La Mort de Marat
The ever-wonderful Kate Beaton has a comic presenting her take on the death of Marat at the hands of the infamous Charlotte Corday. The payoff is, strangely enough, found about halfway through in the seventh panel. Suffice it to say her approach differs from that of Jacques-Louis David.
She also did one about the James Joyce – Nora Barnacle letters that, particularly the third panel, just about did me in this morning. Worth a look. While I like Kate Beaton's work, let me say that there are a lot of literate, intelligent webcomics out there. The current fixation with superheroes, viz. Watchmen-mania, might disincline some from partaking of the animated arts. There is more out there.
On a completely unrelated note, why did DG reissue the Jochum Meistersinger on the Originals marque? Seriously. While the Böhm 1968 performance on Orfeo is about as good as it gets, I have to say that I always thought the studio crown had been taken by Von Karajan's remarkably intelligent and sensitive EMI set from 1970. I understand UMG wants to get some revenue from amortized back-catalog recordings, but there are probably better recordings to squeeze. Also, I'm not sure that a thirty-or-forty-dollar set is the best way to make the best out of this economy, but maybe the UMG whizkids know something I don't.
Probably not, but you never know.

2 Comments:
Too bad, indeed... I like Jochum elsewhere (especially Bruckner), but his Meistersinger never did much for me.
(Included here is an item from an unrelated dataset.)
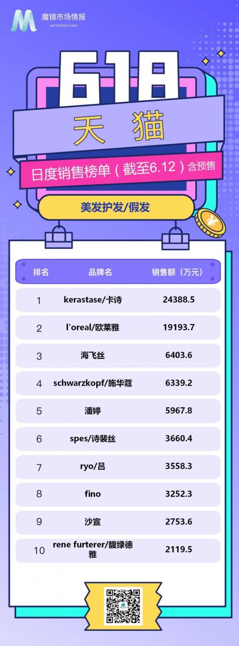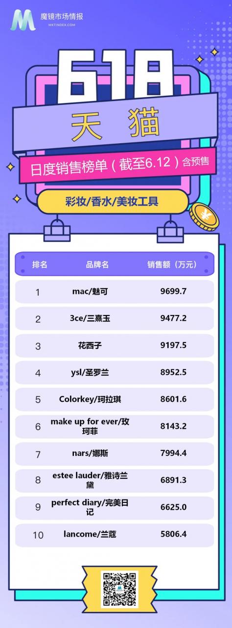 今天魔镜市场情报盘点美容护理行业截至6月12日天猫平台累计销售额的品牌排名(含预售)。

Guess the star power of DF-D won out again.
I would have liked to see Rafael Kubelik's concurrent (and highly regarded, by some anyways) version be the re-release, though who knows who owns the rights to any of these anymore..
I think that Arts Music has the current rights to both the Meistersinger and the Parsifal done with the BRSO for DGG, but ultimately scrapped (for Jochum and Von Karajan, respectively).
There have been attempts to get to the bottom of the affairs, with explanations ranging from the sinister to the mundane. I would like a definitive history of the recordings, but I am not sure how many of the principals are still alive – to say nothing of Arts and DGG execs.